Voilà près d’un demi-siècle, le 23 décembre 1971, le président Richard Nixon (1913-1994) déclarait « la guerre au cancer ». Ce « fléau des temps modernes » devait être éradiqué en 1976, date anniversaire de l’indépendance des Etats-Unis d’Amérique. Cette victoire-là n’est jamais arrivée… Trois décennies plus tard, en 2004, la couverture du magazine Fortune interroge : « Pourquoi perdons-nous la guerre contre le cancer ? ». Que s’est-il passé après des centaines de milliards de donations diverses injectés dans la recherche contre le cancer ?

« Le cancer » n’est plus seulement une maladie à éradiquer –un fléau qui continue de « prospérer » : il est devenu une industrie lourde qui « pèse » des centaines de milliards et « prospère » sur sa trajectoire, constate Sylvie Beljanski, la fille du chercheur décédé :

« L’industrie du cancer a travaillé sur la base de l’hypothèse qui se réalise, selon laquelle le marché du cancer va croître et non se réduire, et elle s’est dévoyée »…

 

Une ténébreuse affaire

 

Le 9 octobre 1996, au petit matin, un commando d’une dizaine de gendarmes cagoulés du GIGN investit le laboratoire de Mirko Beljanski à Saint-Prim avec des maîtres-chiens – et un hélicoptère… Le septuagénaire, docteur es sciences devenu directeur de recherches honoraire du CNRS, est arrêté avec sa femme – voire irradié, semble-t-il, après vaporisation d’une mystérieuse substance dans son laboratoire sous prétexte de possible « radioactivité »… Deux ans plus tard, l’homme dont on a brisé la réputation meurt d’une leucémie myéloïde aigüe, avant le terme d’un procès verrouillé et sans fondement véritable qui tient du harcèlement judiciaire : « L’enjeu de ce procès ne consistait pas vraiment à faire juger un homme mais à effacer complètement quelque chose d’extrêmement important. Et si l’ordre écrit allait  jusqu’à ordonner la destruction de tous les produits et donées scientifiques associés à ses travaux, il n’était pas exagéré d’imaginer un ordre non écrit exigeant la destruction de l’homme lui-même ».

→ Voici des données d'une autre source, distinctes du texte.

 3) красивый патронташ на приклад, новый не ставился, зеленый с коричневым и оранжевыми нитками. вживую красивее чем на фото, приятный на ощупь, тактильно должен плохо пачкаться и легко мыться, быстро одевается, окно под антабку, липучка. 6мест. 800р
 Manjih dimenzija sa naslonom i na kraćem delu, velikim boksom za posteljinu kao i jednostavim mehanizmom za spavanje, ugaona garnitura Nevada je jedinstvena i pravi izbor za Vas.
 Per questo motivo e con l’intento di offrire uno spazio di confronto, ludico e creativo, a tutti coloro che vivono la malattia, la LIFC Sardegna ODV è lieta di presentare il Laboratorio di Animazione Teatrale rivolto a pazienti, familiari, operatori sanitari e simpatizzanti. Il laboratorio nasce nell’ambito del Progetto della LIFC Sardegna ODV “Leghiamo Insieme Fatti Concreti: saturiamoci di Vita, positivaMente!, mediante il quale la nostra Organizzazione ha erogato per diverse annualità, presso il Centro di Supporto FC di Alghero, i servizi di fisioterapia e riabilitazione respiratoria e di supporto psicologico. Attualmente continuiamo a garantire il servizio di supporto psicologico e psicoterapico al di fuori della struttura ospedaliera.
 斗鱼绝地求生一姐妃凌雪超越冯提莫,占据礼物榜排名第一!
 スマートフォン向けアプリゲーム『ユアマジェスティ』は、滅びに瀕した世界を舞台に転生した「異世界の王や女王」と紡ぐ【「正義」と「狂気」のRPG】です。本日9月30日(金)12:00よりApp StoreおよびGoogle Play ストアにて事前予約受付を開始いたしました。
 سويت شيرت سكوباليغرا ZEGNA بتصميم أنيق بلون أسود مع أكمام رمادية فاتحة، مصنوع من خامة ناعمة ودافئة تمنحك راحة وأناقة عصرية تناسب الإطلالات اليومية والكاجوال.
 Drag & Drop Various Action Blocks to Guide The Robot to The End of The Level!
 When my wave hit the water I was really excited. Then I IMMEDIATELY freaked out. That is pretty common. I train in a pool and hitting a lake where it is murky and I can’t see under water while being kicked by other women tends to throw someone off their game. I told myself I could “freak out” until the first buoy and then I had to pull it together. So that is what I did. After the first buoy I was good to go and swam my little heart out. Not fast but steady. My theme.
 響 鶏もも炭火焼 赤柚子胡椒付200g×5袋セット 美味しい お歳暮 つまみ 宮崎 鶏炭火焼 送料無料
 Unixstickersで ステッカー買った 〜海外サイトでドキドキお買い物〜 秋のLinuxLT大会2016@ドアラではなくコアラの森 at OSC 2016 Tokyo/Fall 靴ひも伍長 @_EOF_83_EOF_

Pourquoi tant d’acharnement contre un paisible scientifique retraité, passionné par son métier, qui s’est juste donné pour mission de guérir ses semblables avec des extraits naturels ? Il se trouve que ses recherches ont contrarié des intérêts puissants et un homme en particulier, le Prix Nobel Jacques Monod (1910-1976), directeur de l’Institut Pasteur (1971-1976) dont la dogmatique se trouva mise en cause ainsi que le « politiquement correct » qui était alors aux « thérapies géniques ».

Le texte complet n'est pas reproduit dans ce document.